Activity — From the records below, transcribe exactly the lines that begin at the line with "発色のいいブルーカラーが目を" and end at the line with "دادههای منتشرشده از", both included.

[Task inputs Boundary: Start]

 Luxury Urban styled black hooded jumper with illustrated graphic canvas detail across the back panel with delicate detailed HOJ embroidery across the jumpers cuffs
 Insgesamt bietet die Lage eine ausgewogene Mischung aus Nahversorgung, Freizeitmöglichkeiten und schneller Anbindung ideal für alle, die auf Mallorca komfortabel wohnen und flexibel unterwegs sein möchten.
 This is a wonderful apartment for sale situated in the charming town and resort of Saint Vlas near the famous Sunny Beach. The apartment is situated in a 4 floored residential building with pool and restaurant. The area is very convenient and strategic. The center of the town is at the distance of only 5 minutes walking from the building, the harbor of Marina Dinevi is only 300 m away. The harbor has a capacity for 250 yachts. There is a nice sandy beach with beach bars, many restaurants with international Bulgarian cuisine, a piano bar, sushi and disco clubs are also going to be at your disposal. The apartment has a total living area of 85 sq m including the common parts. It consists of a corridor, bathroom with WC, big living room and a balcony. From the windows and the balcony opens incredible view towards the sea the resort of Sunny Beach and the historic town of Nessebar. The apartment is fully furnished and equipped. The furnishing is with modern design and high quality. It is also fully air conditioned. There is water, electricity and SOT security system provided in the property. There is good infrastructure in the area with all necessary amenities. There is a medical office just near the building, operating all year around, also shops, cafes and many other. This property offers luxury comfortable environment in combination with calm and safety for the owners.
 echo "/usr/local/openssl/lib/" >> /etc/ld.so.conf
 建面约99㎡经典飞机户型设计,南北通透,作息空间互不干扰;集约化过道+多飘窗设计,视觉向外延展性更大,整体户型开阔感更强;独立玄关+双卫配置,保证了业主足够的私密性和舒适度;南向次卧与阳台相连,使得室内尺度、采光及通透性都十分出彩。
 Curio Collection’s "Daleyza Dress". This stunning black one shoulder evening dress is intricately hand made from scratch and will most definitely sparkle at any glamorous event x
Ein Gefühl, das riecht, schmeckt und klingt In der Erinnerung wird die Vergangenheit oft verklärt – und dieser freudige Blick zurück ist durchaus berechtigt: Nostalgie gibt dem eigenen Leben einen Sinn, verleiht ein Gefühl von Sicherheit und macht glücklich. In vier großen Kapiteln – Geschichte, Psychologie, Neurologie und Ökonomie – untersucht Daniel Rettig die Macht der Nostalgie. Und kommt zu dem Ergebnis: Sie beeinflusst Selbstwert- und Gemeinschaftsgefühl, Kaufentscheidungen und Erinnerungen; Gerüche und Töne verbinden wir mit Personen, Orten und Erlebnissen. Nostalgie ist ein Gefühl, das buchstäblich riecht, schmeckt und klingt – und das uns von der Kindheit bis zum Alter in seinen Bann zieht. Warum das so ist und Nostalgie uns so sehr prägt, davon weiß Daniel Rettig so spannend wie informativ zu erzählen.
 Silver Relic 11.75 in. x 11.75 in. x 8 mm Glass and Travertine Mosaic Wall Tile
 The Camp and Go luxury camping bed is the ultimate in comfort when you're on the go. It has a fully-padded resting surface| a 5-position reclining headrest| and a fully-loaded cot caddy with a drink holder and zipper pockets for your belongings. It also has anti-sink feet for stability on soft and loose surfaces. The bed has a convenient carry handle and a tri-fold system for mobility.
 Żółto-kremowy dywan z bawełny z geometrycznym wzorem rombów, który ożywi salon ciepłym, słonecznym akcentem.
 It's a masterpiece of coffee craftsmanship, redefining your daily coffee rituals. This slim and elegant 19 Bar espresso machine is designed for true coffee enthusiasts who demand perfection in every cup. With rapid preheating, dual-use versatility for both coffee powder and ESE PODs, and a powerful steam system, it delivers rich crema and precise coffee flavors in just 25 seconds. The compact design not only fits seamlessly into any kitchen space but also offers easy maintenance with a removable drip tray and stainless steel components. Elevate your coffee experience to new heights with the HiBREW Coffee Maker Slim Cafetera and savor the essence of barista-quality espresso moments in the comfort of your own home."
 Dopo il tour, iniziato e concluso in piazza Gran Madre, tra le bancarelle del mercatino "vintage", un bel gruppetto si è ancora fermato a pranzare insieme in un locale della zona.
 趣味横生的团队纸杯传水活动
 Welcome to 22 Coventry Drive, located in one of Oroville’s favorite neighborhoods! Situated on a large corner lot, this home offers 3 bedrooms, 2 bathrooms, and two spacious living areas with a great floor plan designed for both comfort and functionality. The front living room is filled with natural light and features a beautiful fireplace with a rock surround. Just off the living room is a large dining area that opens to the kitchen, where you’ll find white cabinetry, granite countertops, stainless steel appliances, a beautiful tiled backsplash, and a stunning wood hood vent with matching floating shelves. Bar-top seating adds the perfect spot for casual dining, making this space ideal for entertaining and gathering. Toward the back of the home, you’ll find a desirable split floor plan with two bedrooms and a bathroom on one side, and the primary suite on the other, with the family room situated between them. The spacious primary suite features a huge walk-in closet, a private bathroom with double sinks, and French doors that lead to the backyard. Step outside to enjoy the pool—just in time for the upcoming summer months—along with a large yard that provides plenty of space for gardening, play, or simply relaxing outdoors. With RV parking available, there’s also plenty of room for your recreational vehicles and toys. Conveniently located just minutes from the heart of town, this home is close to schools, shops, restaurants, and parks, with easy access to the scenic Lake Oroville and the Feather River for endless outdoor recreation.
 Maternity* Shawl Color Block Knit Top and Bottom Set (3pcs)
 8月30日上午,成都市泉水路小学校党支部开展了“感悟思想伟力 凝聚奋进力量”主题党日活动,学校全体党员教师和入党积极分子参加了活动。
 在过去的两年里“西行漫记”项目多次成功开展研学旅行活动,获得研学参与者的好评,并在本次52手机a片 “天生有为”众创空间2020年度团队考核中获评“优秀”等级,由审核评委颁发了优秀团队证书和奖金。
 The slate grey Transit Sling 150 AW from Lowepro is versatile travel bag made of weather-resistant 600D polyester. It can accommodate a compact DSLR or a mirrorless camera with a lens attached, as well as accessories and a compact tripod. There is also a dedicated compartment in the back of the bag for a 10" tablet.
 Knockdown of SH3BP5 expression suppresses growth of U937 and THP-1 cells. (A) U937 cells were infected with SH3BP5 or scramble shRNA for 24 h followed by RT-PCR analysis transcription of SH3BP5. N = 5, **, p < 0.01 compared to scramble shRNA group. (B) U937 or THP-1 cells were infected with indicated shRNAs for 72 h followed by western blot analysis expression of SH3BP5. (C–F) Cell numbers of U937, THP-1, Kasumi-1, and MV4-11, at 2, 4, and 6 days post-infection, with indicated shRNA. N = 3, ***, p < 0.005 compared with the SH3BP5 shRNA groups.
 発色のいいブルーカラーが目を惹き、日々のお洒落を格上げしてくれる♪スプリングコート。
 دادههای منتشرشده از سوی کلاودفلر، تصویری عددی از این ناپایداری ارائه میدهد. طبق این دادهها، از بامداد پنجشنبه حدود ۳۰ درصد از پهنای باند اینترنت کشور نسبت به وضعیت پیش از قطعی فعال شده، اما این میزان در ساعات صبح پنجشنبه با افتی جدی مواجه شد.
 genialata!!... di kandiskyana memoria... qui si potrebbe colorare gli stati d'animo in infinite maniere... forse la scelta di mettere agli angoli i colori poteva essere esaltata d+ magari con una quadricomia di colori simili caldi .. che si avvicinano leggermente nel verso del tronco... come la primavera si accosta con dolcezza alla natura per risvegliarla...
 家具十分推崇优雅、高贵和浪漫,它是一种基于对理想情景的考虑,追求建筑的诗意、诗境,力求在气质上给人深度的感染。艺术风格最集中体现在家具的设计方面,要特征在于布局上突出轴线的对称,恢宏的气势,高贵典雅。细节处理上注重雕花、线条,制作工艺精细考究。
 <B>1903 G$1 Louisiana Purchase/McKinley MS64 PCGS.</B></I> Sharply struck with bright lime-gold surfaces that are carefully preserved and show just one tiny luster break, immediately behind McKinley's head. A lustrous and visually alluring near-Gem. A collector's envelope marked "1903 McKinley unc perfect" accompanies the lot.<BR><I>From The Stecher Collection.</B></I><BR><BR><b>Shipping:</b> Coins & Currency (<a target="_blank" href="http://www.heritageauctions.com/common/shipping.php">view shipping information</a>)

[Task inputs Boundary: End]

Completed task —
 発色のいいブルーカラーが目を惹き、日々のお洒落を格上げしてくれる♪スプリングコート。
 دادههای منتشرشده از سوی کلاودفلر، تصویری عددی از این ناپایداری ارائه میدهد. طبق این دادهها، از بامداد پنجشنبه حدود ۳۰ درصد از پهنای باند اینترنت کشور نسبت به وضعیت پیش از قطعی فعال شده، اما این میزان در ساعات صبح پنجشنبه با افتی جدی مواجه شد.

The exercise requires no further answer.